500 GB drives, Seagate Barracuda

Oh...SATA. Ack.
Prolly no support left on that old rig unless she had a few extended warranties? Dell support has walked me through a few tricks on their RAID controllers (at least the better models...dunno if a SATA RAID controller will have it, prolly just Adaptec/Intel fake RAID..but hopefully not) to bring back drives that weren't recognized....one time wasn't long ago, after a 1900 that had been running for a few years straight was shut down for an office relocation. Servers that have been running fine for years straight, 24x7x365..it's when they get shut down that...on the next power up, if something is gonna go wrong..that's when! Anyways...there was some advanced "force online" (something like that) option he had me do once.

The server isn't going to have a data volume anyways...no backups, I'd call Dell and if it's out of extended warranty...just sign up for extended warranty at that time (purchase it)..and get support going.
 
My onsite tech got lucky, the server is out of warranty but he found someone at Dell that talked to him for free, yes very lucky. Did I say or imply SATA? Sorry if I did, they're SAS drives. We're trying to get one straight away so as to expedite this recovery, if possible. But from listening to npinc, we'd better get four right away not just one. Thank you for your reply.
 
Well, there's a reason I asked that. We just ran into it with an HP. BTW, I knew they were SAS drives, it's all good.

Anyways, the hardware was saying the drive was bad, the drive was bad, blah blah blah.

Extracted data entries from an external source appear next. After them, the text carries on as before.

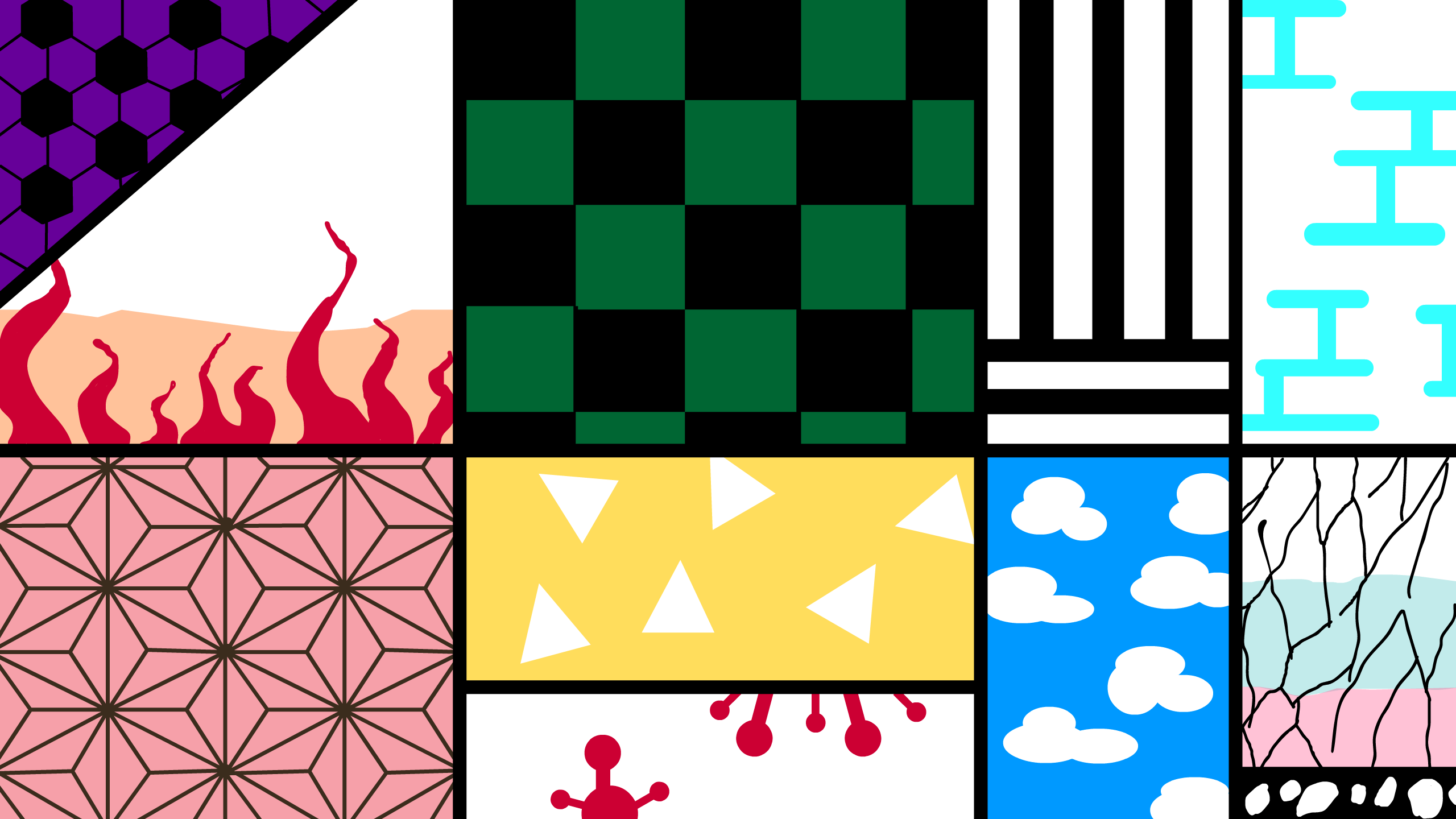 13. Separate your entire page with 6 lines, then fill in the spaces with different patterns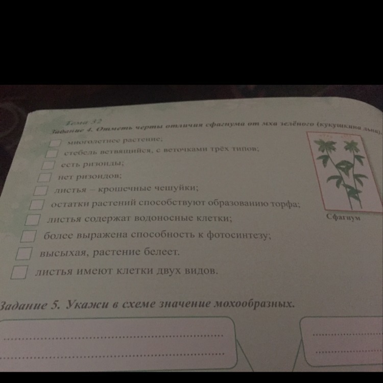Стебель сфагнума ветвящийся, ризоидов нет, способствует образованию торфа, листья содержат водоносные клетки, белеет при высыхании ,листки имеют клетки 2 видов
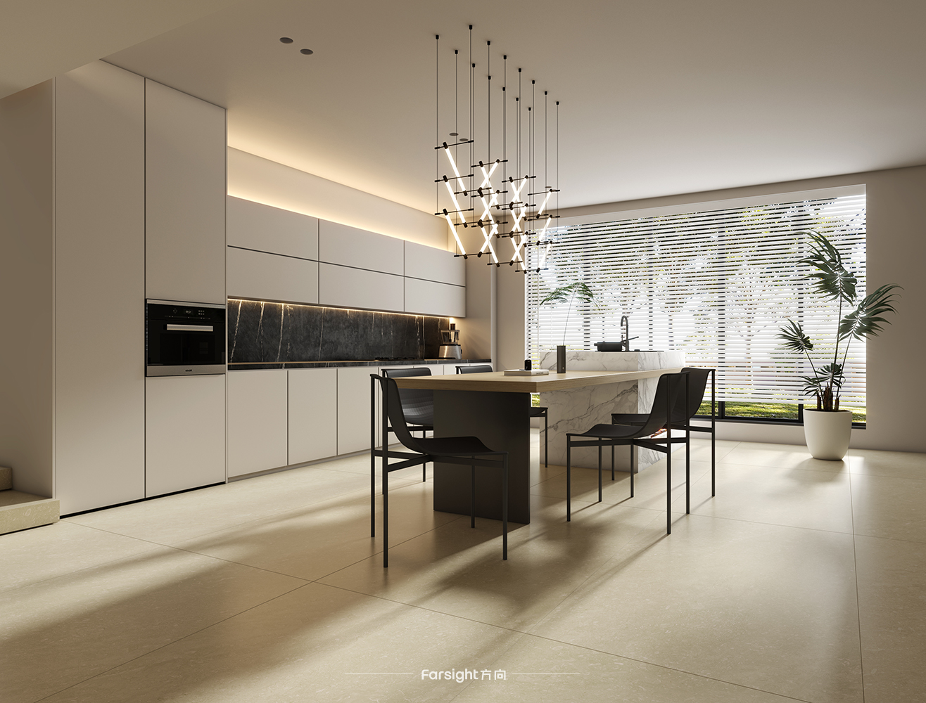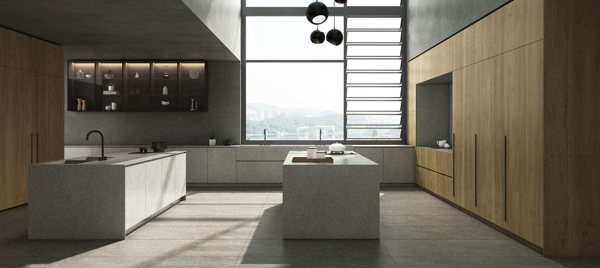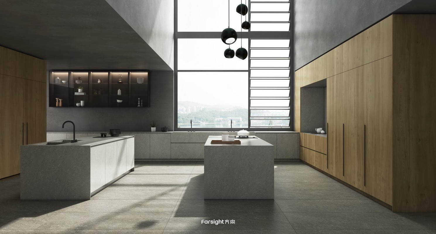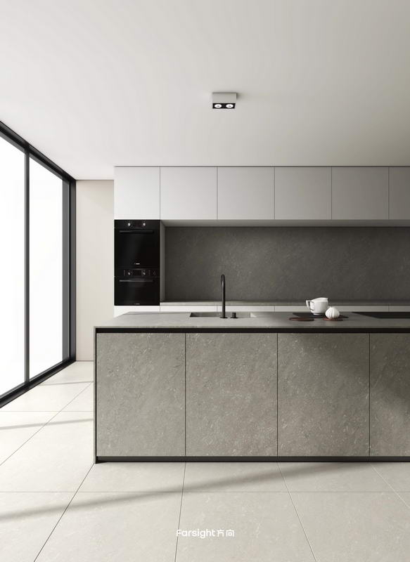 Ora奥纳系列以灰色调为主,浮现明暗有致的肌理,延续着利落干净的设计美学,极具个性与艺术感,令空间处处有型有款。它每一个考究的细节,都有着自己的温度与故事。拥有自然面工艺的Ora系列岩板比传统面要精致高级,900x2700mm的规格适合家装空间,3:1的比例,一片到顶,统一色感延伸空间视觉效果。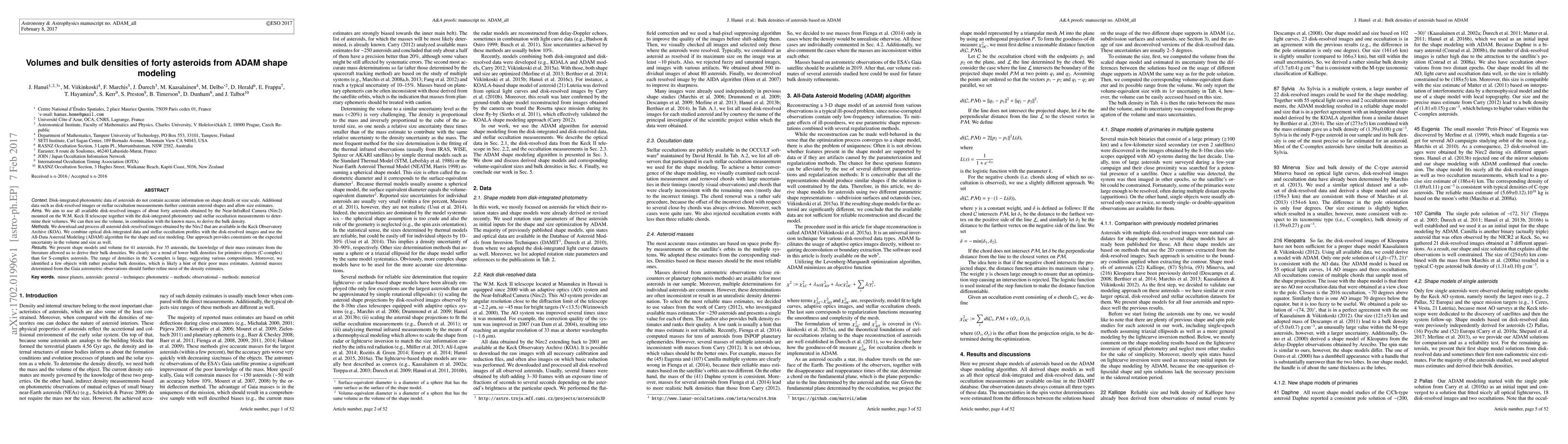Disk-integrated photometric data of asteroids do not contain accurate information on shape details or size scale. Additional data such as disk-resolved images or stellar occultation measurements further constrain asteroid shapes and allow size estimates. We aim to use all available disk-resolved images of about forty asteroids obtained by the Near-InfraRed Camera (Nirc2) mounted on the W.M. Keck II telescope together with the disk-integrated photometry and stellar occultation measurements to determine their volumes. We can then use the volume, in combination with the known mass, to derive the bulk density. We download and process all asteroid disk-resolved images obtained by the Nirc2 that are available in the Keck Observatory Archive (KOA). We combine optical disk-integrated data and stellar occultation profiles with the disk-resolved images and use the All-Data Asteroid Modeling (ADAM) algorithm for the shape and size modeling. Our approach provides constraints on the expected uncertainty in the volume and size as well. We present shape models and volume for 41 asteroids. For 35 asteroids, the knowledge of their mass estimates from the literature allowed us to derive their bulk densities. We clearly see a trend of lower bulk densities for primitive objects (C-complex) than for S-complex asteroids. The range of densities in the X-complex is large, suggesting various compositions. Moreover, we identified a few objects with rather peculiar bulk densities, which is likely a hint of their poor mass estimates. Asteroid masses determined from the Gaia astrometric observations should further refine most of the density estimates.
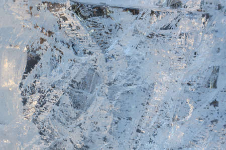 Texture of ice in winter. Pieces of frozen water on a street in the winter. The texture and texture of the frozen water in winter and outdoor.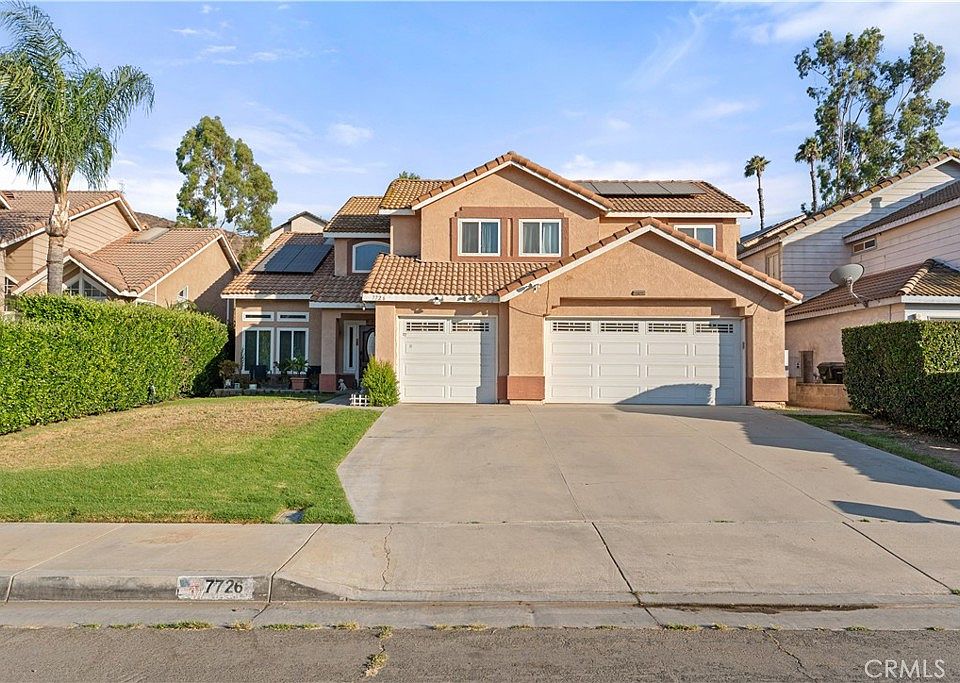 Welcome to this beautiful two-story, 5-bedroom, 2.5-bath home situated on a spacious 8,712 sq ft lot in one of Jurupa Valley's most sought-after neighborhoods. Offering 2270 sq ft of living space, this property blends comfort, excitement, and curb appeal. Step into this bright and inviting home, where soaring ceilings and abundant natural light create an airy, open feel from the moment you walk in. As you enter the kitchen you will notice that it's well-equipped with granite counter tops, stainless steel sink and stainless-steel appliances, a wine fridge and lots of cabinet space with a beautiful view of the sparkling pool and spa. The home offers a convenient laundry room, a half bath and a full bedroom on the the main floor. The spacious living area with modern tile flooring, anchored by a charming brick fireplace for relaxing and enjoying those special moments. As you go up the stairs, the bedrooms provide privacy and relaxation. Other notable features include the NEW AC, NEW dual pane windows, New pump for pool, NEW water heater, and best of all 25 paid off solar panels providing you with free electricity throughout the year. Conveniently located in proximity to freeways, schools, parks, shopping, and the list goes on. This home is ideal for entertaining and everyday life.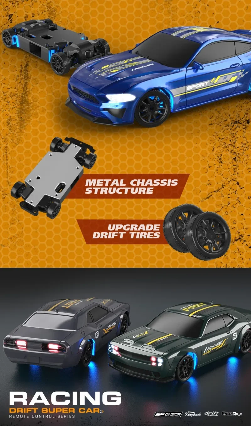 Stable Control System: 2.4Ghz control frequency, support multiple rc car drifting racing at the same time, equipped with a new differential and rear four-wheel drive system, turning and driving more stable.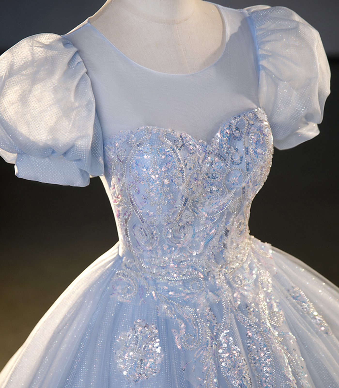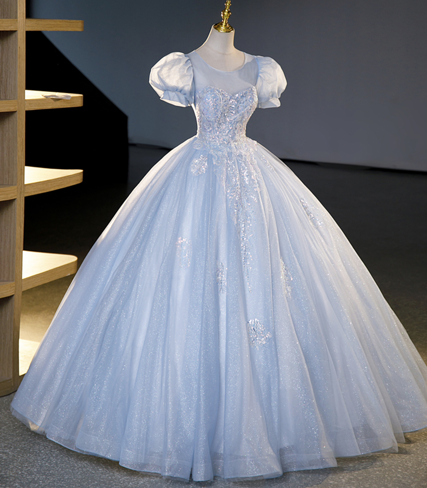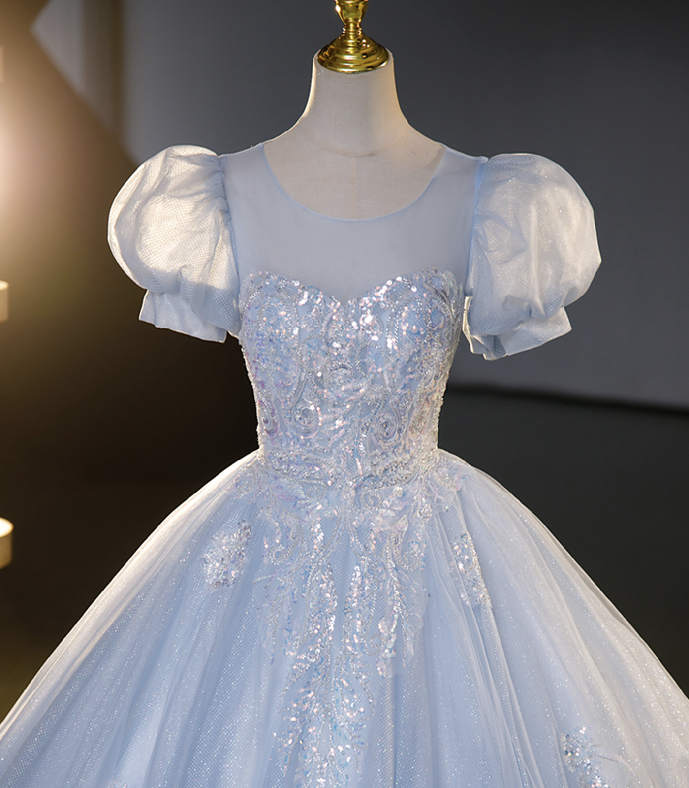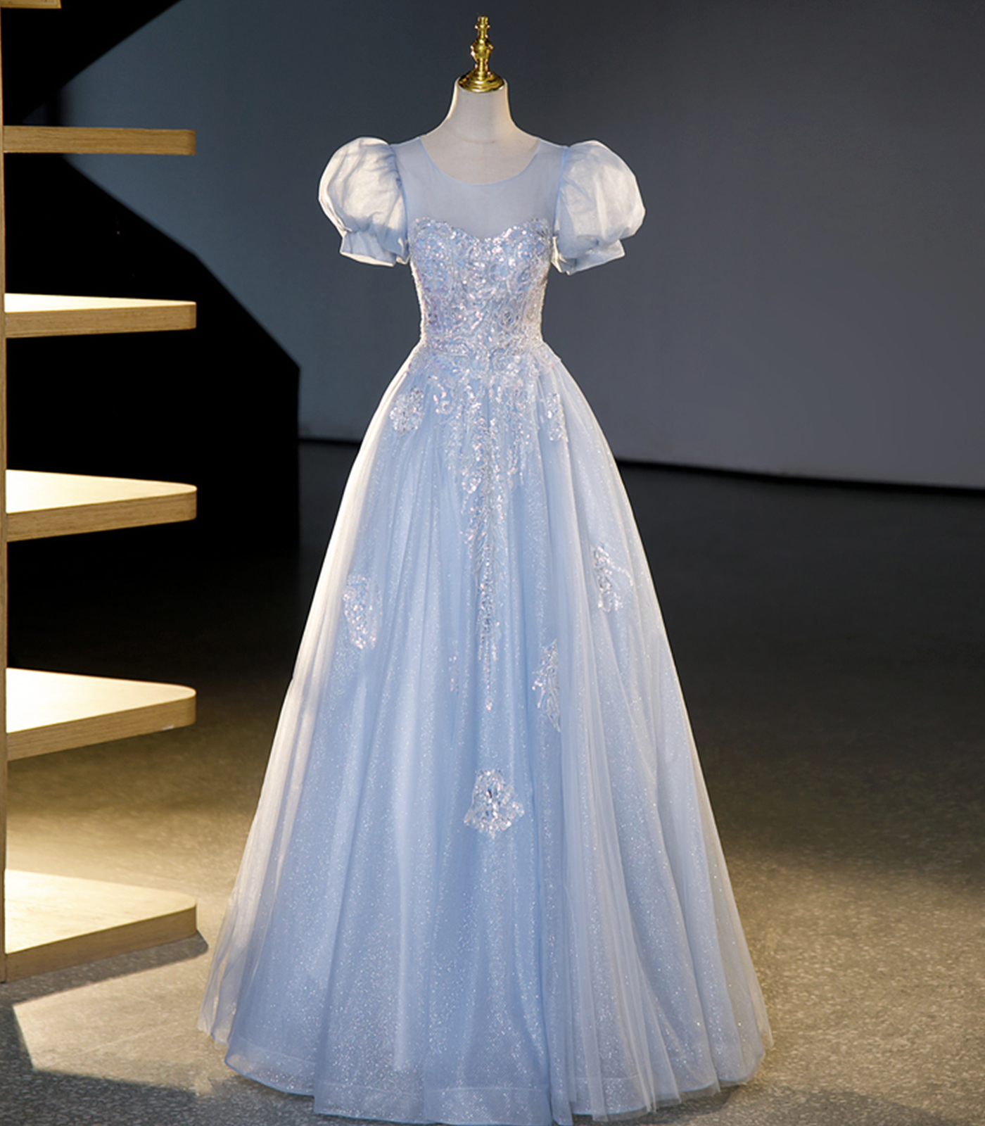 - Blue Tulle Sequins Long Prom Dresses, Blue Formal Dress -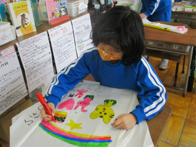 4限目は、生活科の「昔遊び」で「たこづくり」をしていました。寅年だから「トラの絵」を描いている子、好きな動物を描いている子、さすが内外海っ子です!海の中を描いている子もいました。今日で「たこづくり」が終わりました。今度は、外で飛ばせるかなあ。(今日の猛吹雪では無理ですね。)難しいたこ糸を結ぶところを分かっている友達が分からない友達に教えています。すっかりお兄さんお姉さんになった1年生です。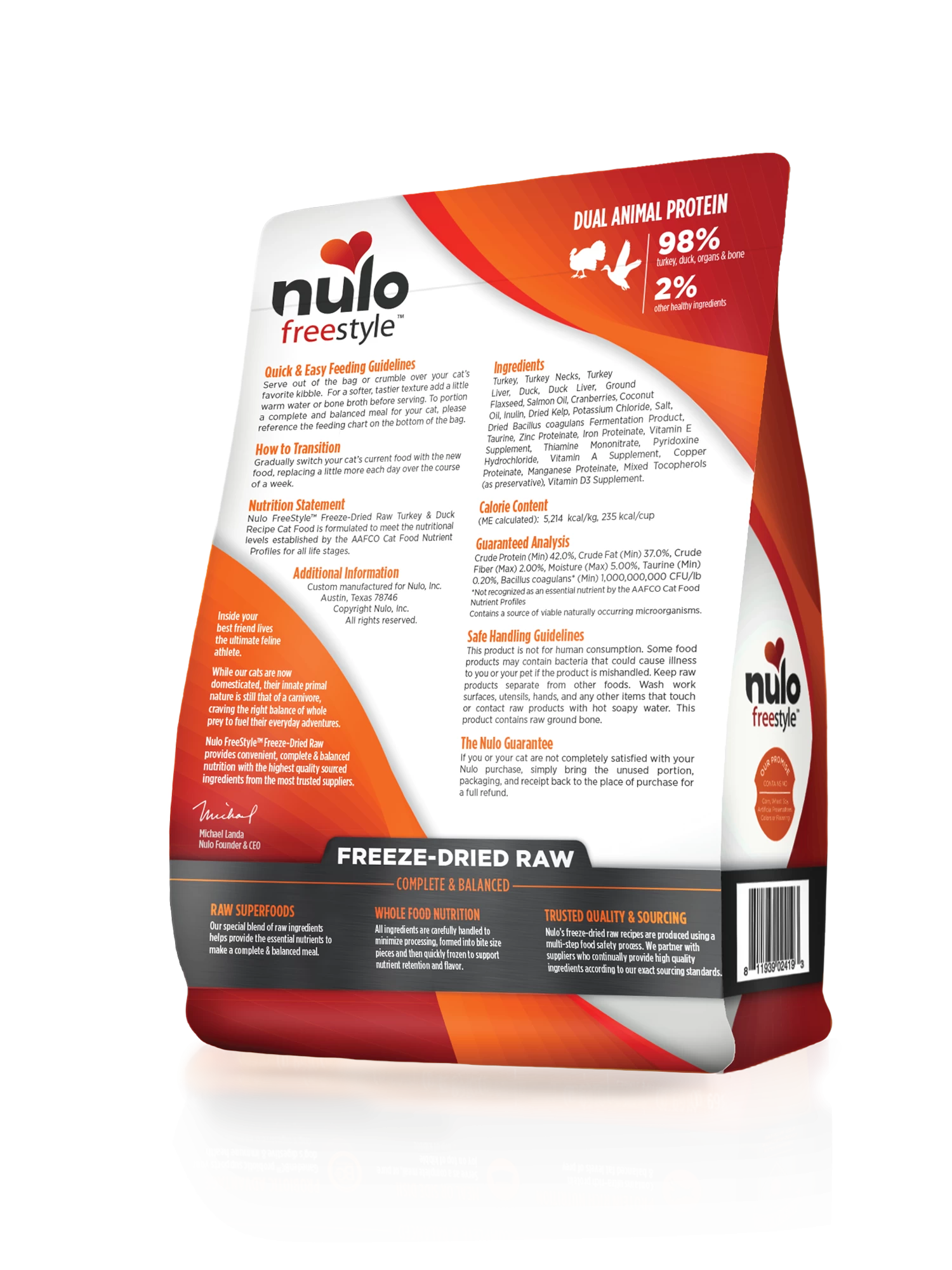 Use Nulo Freeze-Dried Raw as a topper on kibble or a full meal for your little athlete. Our Turkey & Duck recipe contains 98% turkey, duck, organs & bone and functional ingredients like cranberries and dried kelp for superior nutrition. Your best friends won’t be able to resist mealtime when they get their first taste of this Nulo Freeze-Dried Raw recipe.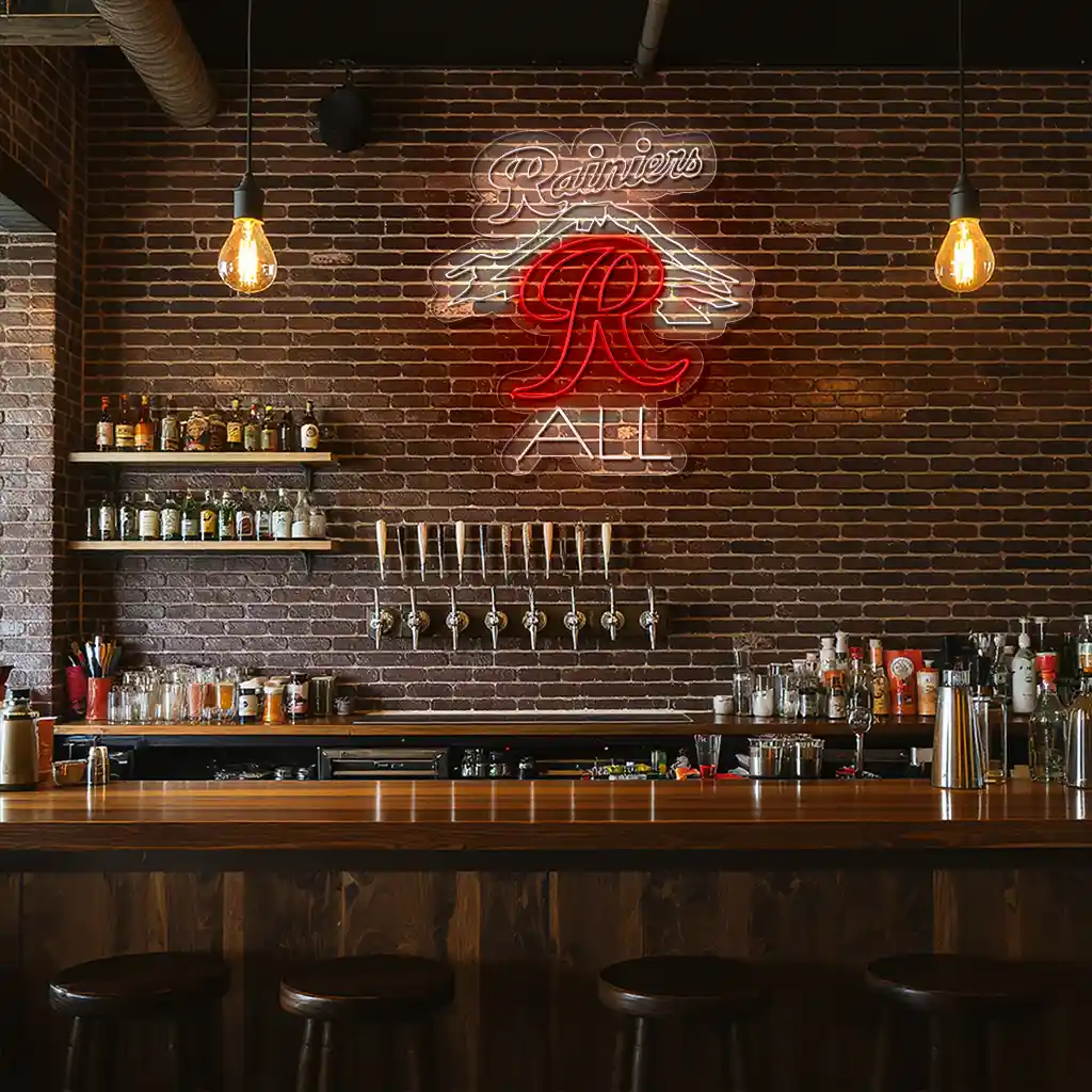 Neon Sign Design: Vintage Rainier Beer Logo on Brick Wall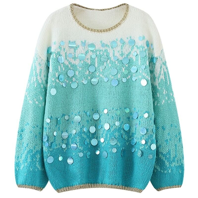 スパンコール グラデーション ラウンドネック 長袖 ニット *bl338

Turned out there was nothing wrong with the drive. The backplane was faulty. Take the drive and put it on another port. I wouldn't be surprised if it shows normal. Don't forget, those are 1.2M hour drives.

We also saw this happen in a Dell not that long ago.
 
Just note. There are two reasons why we are unable to recover data from a RAID.

1. The drives are damaged beyond recovery
2. The technician and/or client destroys any chance of recovery

So, before you do anything, be sure to get a full sector-by-sector clone of each drive...including the two that failed. Then recover the data from the clones.

If you ever have any questions about an issue and are unsure of the safest course of action, you are always welcome to call me and I can can advise.

Whatever you do, don't spend a day or two fighting with it first. Yes, you might get lucky, but the odds are, you won't. This is no time to gamble.